Manipulate the expression to match the standard limit form:

$\frac{\tan(2y)}{y} = \frac{\tan(2y)}{2y} \cdot 2$

Now, evaluate the limit:

$\lim\limits_{y \to 0} \left( \frac{\tan(2y)}{2y} \cdot 2 \right)$

Using the property of limits $\lim\limits_{y \to 0} (c \cdot f(y)) = c \cdot \lim\limits_{y \to 0} f(y)$:

$= 2 \cdot \lim\limits_{y \to 0} \frac{\tan(2y)}{2y}$

Let $\theta = 2y$. As $y \to 0$, $\theta \to 0$. The limit becomes:

$= 2 \cdot \lim\limits_{\theta \to 0} \frac{\tan \theta}{\theta}$

Using the standard limit $\lim\limits_{\theta \to 0} \frac{\tan \theta}{\theta} = 1$:

$= 2 \cdot 1$

$= 2$

Alternate Solution: Using L'Hopital's Rule

Since the limit is of the indeterminate form $\frac{0}{0}$, we can apply L'Hopital's Rule.

L'Hopital's Rule states that if $\lim\limits_{x \to c} \frac{f(x)}{g(x)}$ is of the form $\frac{0}{0}$ or $\frac{\infty}{\infty}$, then $\lim\limits_{x \to c} \frac{f(x)}{g(x)} = \lim\limits_{x \to c} \frac{f'(x)}{g'(x)}$, provided the latter limit exists.

Let $f(x) = \tan 2x$ (the numerator) and $g(x) = x - \pi/2$ (the denominator).

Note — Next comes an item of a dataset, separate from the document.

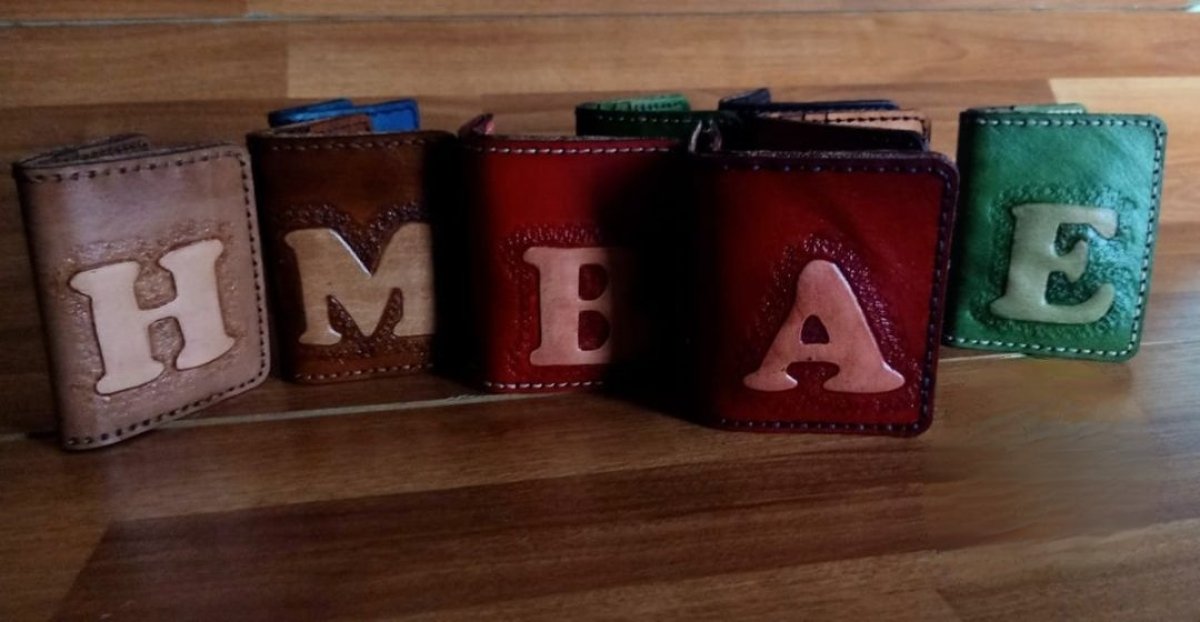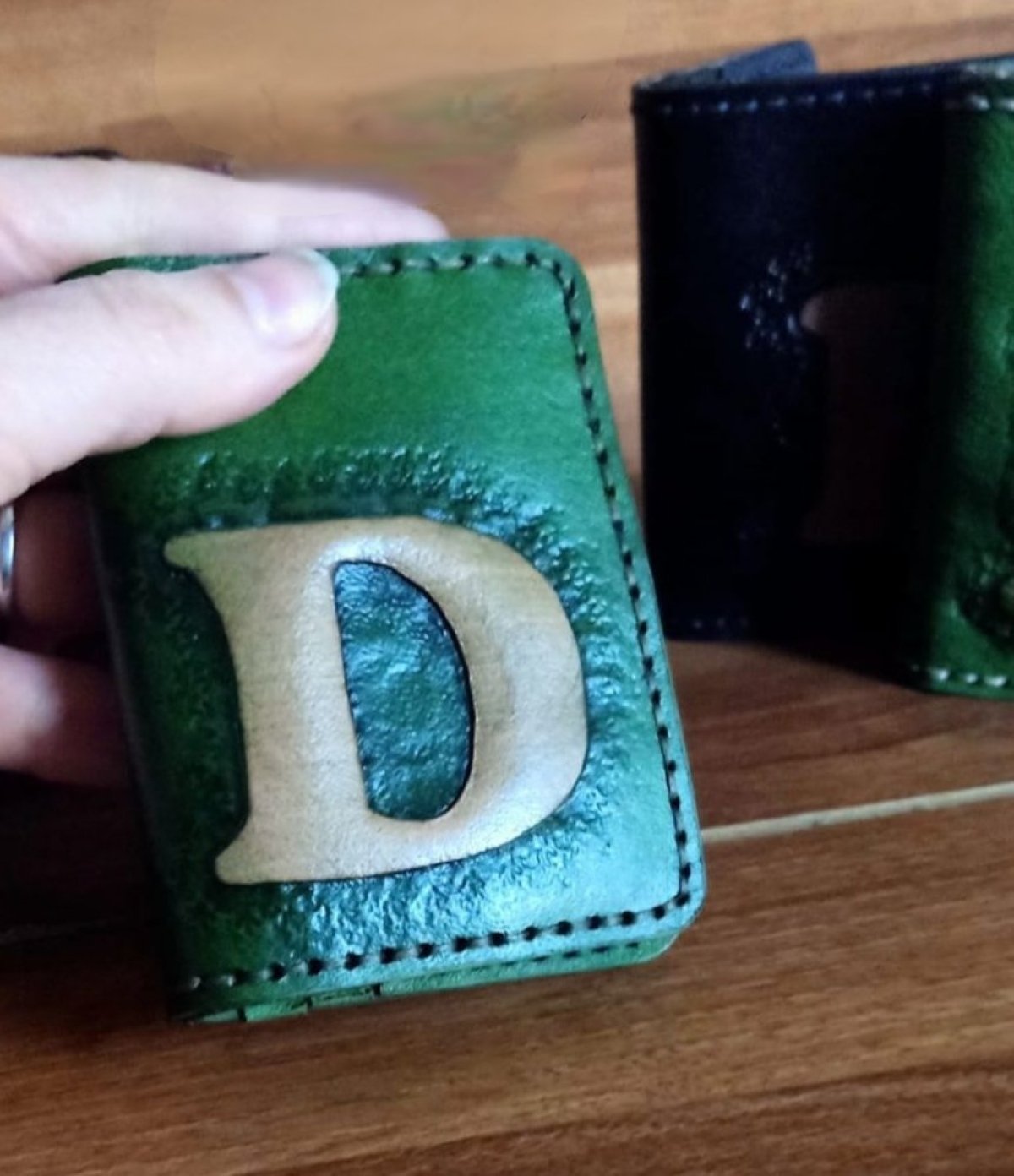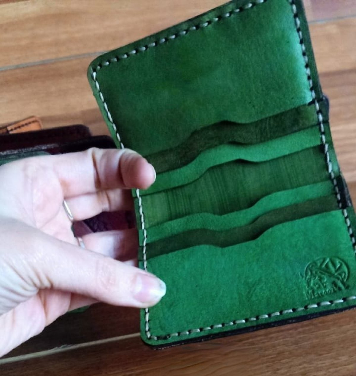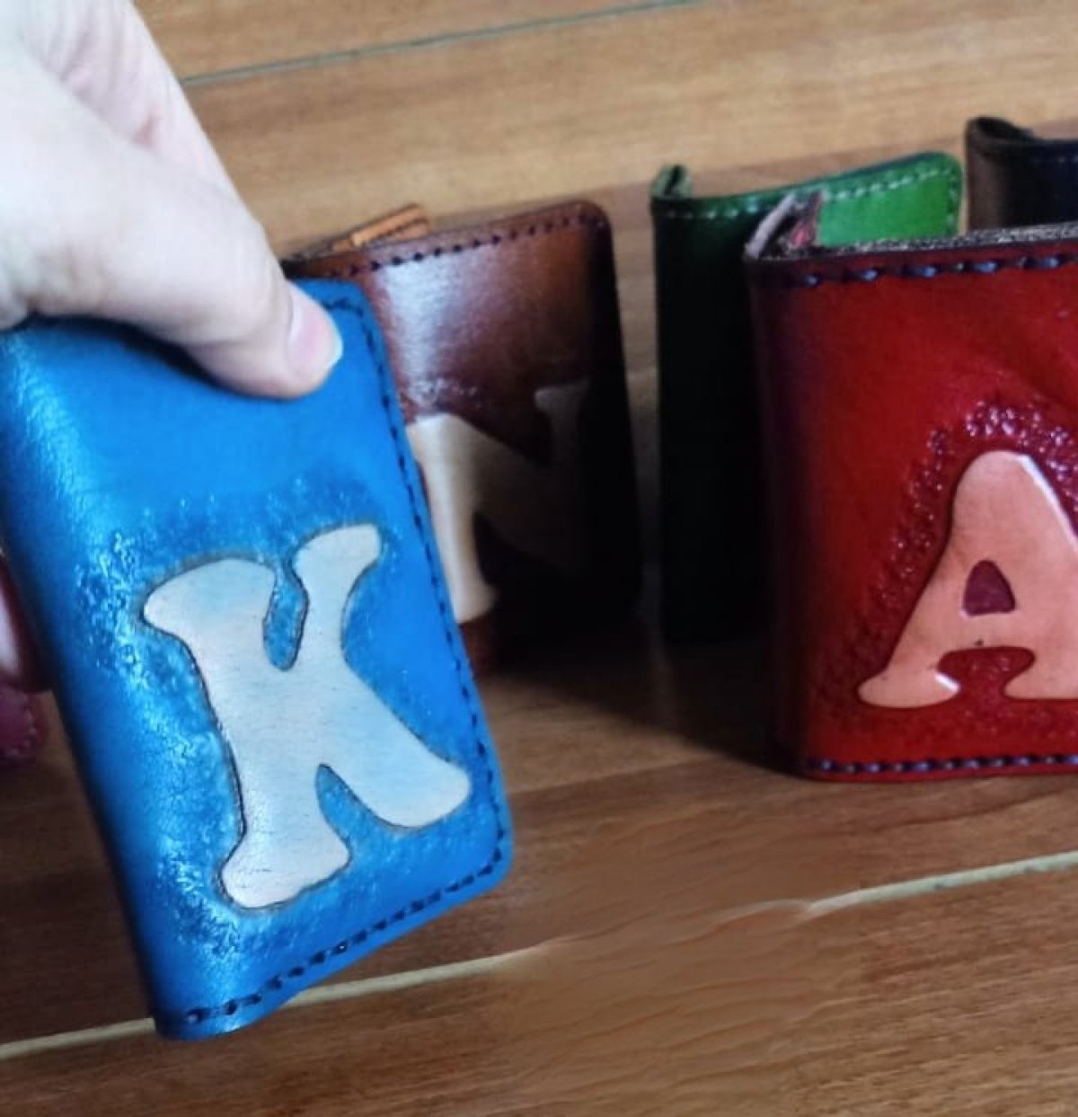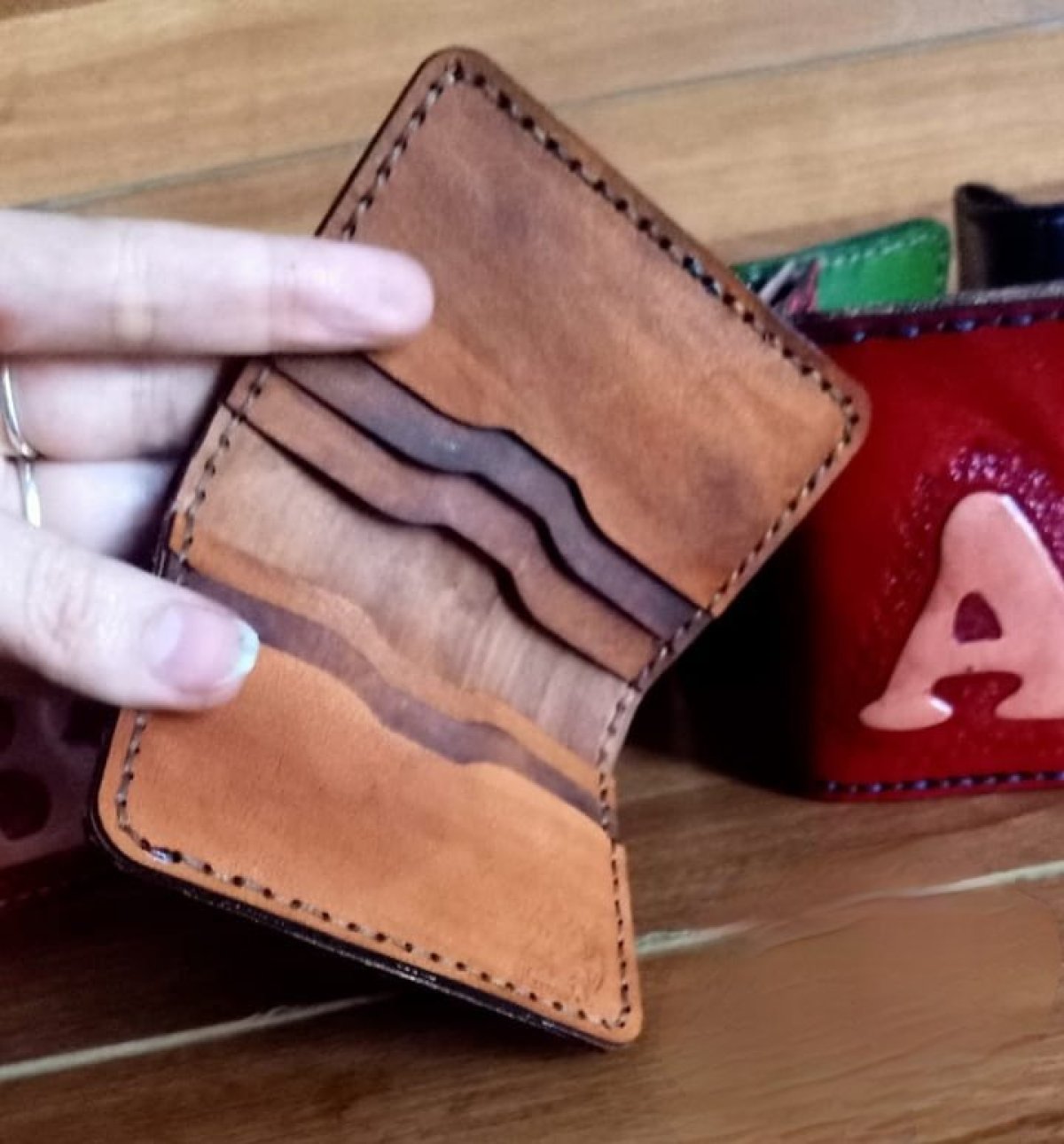 Small wallet, fully cowhide, It has a pocket for banknotes, other than places for cards hand-cut and colored. Custom-made crafts available. Dimensions 7*10.

Find the derivative of the numerator $f(x)$ with respect to $x$ using the chain rule:

$f'(x) = \frac{d}{dx}(\tan 2x)$

$f'(x) = \sec^2(2x) \cdot \frac{d}{dx}(2x)$

$f'(x) = \sec^2(2x) \cdot 2 = 2 \sec^2 2x$

Find the derivative of the denominator $g(x)$ with respect to $x$:

$g'(x) = \frac{d}{dx}(x - \pi/2)$

$g'(x) = \frac{d}{dx}(x) - \frac{d}{dx}(\pi/2)$

$g'(x) = 1 - 0 = 1$

Apply L'Hopital's Rule by taking the limit of the ratio of the derivatives:

$\lim\limits_{x \to \pi/2} \frac{\tan 2x}{x - \pi/2} = \lim\limits_{x \to \pi/2} \frac{2 \sec^2 2x}{1}$

$= \lim\limits_{x \to \pi/2} 2 \sec^2 2x$

Now, evaluate the limit by substituting $x = \pi/2$ into the expression:

$= 2 \sec^2 (2 \cdot \pi/2)$

$= 2 \sec^2 \pi$

Recall that $\sec \pi = \frac{1}{\cos \pi}$. The value of $\cos \pi$ is $-1$.

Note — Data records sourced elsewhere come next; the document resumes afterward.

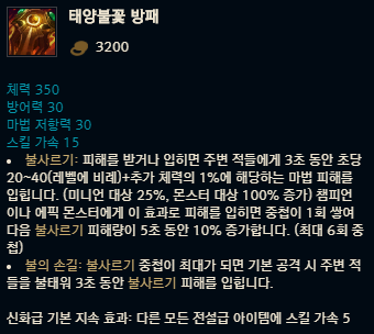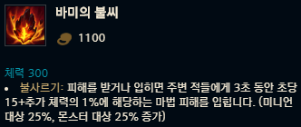 서리불꽃 건틀릿의 하위 아이템은 바미의 불씨, 마법무효화의 망토, 쇠사슬 조끼입니다. 가격을 다 합치면 총 3,200골드로 태양불꽃 방패와 똑같은 가격이죠. 하위 아이템인 바미의 불씨는 불사르기 효과를 가지고 있어서 라인전이나 정글링을 돌 때 더 손쉽게 미니언, 정글몹을 잡을 수 있게 된다는 장점이 있습니다.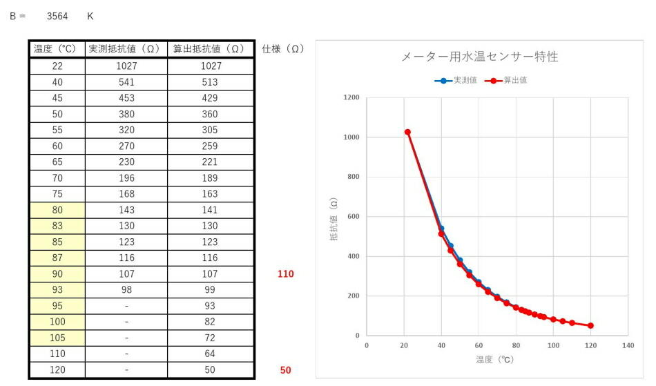 水温センサーの特性と、CPUが読みだす回路を載せて置く。一所にまとめて置かないと、忘れる。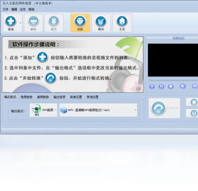 一款专业的音频格式转换工具,视频音乐提取工具。凡人全能音频转换器支持目前所有流行的音频,可以在各种流行音乐格式之间随意转换。如可以在常见音频MP3、WAV、WMA、CD、AC3、OGG、AAC、MP2、FLAC、RM、RA、AMR等音频格式之间相互随意转换。最为强大的是,本转换器可以从各种视频格式中提取出音频文件,支持从RM、RMVB、AVI、VOB、DAT、VCD、SVCD、DVD、MKV、ASF、WMV、MP4、3GP、MOV、QT、MPEG、DivX、XviD等各种视频格式中提取音频,并转换为MP3、WAV、WMA、AC3、AAC、OGG等流行的音频格式,满足用户的随时欣赏音乐的需求。并针对常用的应用如WAV转MP3,MP3转WMA,WAV转WMA,RM转MP3,AVI转MP3,RM转WMA等功能进行全面优化,转换速度极快,音质极高。支持从CD光盘中抓轨功能,支持批量转换,自动关机,为您节省了宝贵的等候时间。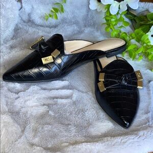 Liz Claiborne Black Croc Mules with Gold Accents

So, $\sec \pi = \frac{1}{-1} = -1$.

Therefore, $\sec^2 \pi = (-1)^2 = 1$.

Substitute this value back into the limit:

$= 2 \cdot 1$

$= 2$

Both methods yield the same result.

The final answer is 2.

Given:

The function is $f(x) = (x^2 + 1) \cos x$.

Solution:

We need to find the derivative of $f(x) = (x^2 + 1) \cos x$. The function is a product of two functions, so we will use the Product Rule for differentiation.

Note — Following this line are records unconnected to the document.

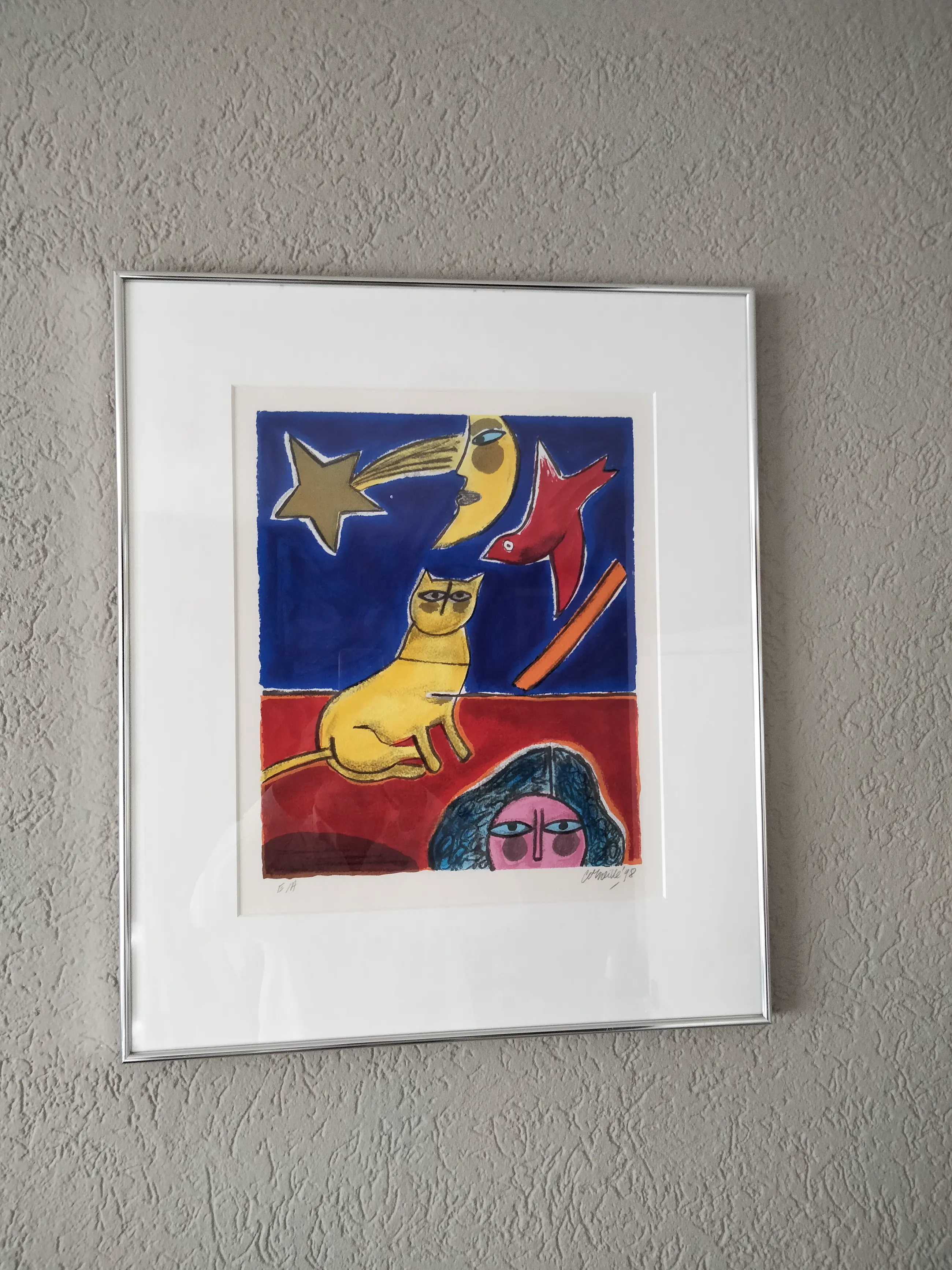 Fraaie kleurrijke zeefdruk van corneille uit 1998. Oplagenummer:E/A
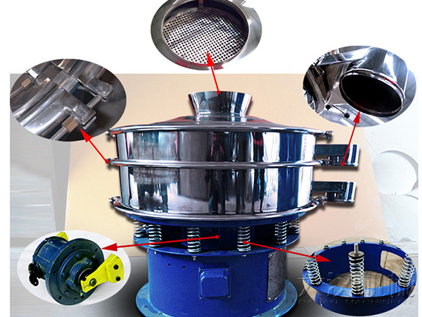 旋振篩主要由進(jìn)料口、防塵蓋、出料口、束環(huán)、篩網(wǎng)、配重塊、上部重錘、振動體、振動電機(jī)、彈簧、下部重錘、機(jī)座等部分組成。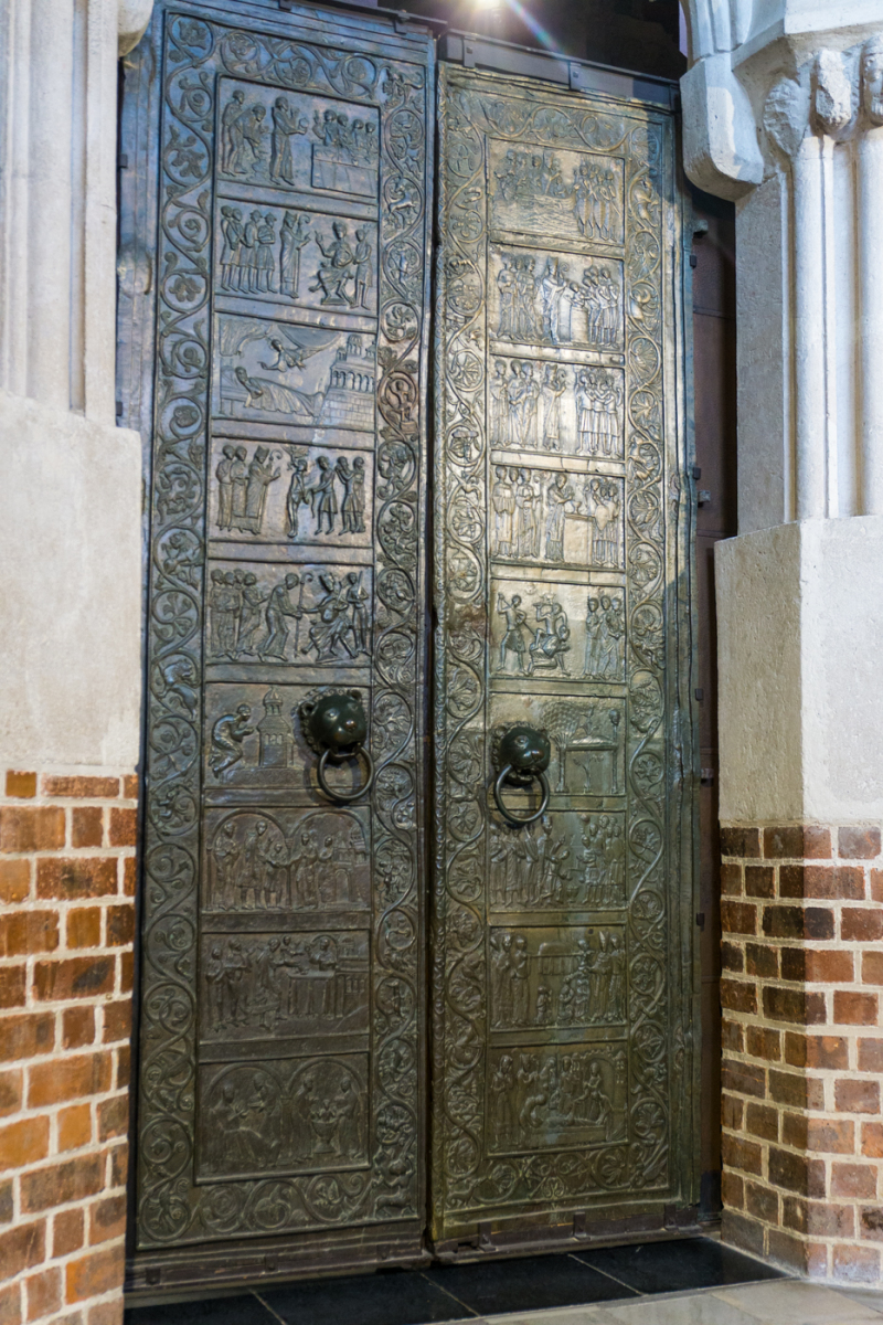 wir besuchen gniezno, eine kleine stadt in der mitte polens. die kathedrale am rande der altstadt auf dem lech-hügel beherrscht das stadtbild. wir stehen vor der berühmten tür und lauschen dem audioguide.

The Product Rule states that if $f(x) = u(x)v(x)$, where $u(x)$ and $v(x)$ are differentiable functions, then the derivative of $f(x)$ is given by:

$f'(x) = u'(x)v(x) + u(x)v'(x)$

In our function $f(x) = (x^2 + 1) \cos x$, we identify the two functions:

Let $u(x) = x^2 + 1$.

Let $v(x) = \cos x$.

Now, find the derivatives of $u(x)$ and $v(x)$ with respect to $x$:

The derivative of $u(x) = x^2 + 1$ is:

$u'(x) = \frac{d}{dx}(x^2 + 1)$

$u'(x) = \frac{d}{dx}(x^2) + \frac{d}{dx}(1)$

$u'(x) = 2x + 0$

$u'(x) = 2x$

The derivative of $v(x) = \cos x$ is:

$v'(x) = \frac{d}{dx}(\cos x)$

$v'(x) = -\sin x$

Substitute $u(x)$, $v(x)$, $u'(x)$, and $v'(x)$ into the Product Rule formula $f'(x) = u'(x)v(x) + u(x)v'(x)$:

$f'(x) = (2x)(\cos x) + (x^2 + 1)(-\sin x)$

Simplify the expression:

$f'(x) = 2x \cos x - (x^2 + 1) \sin x$

$f'(x) = 2x \cos x - x^2 \sin x - \sin x$

The derivative of $f(x) = (x^2 + 1) \cos x$ is $f'(x) = 2x \cos x - (x^2 + 1) \sin x$.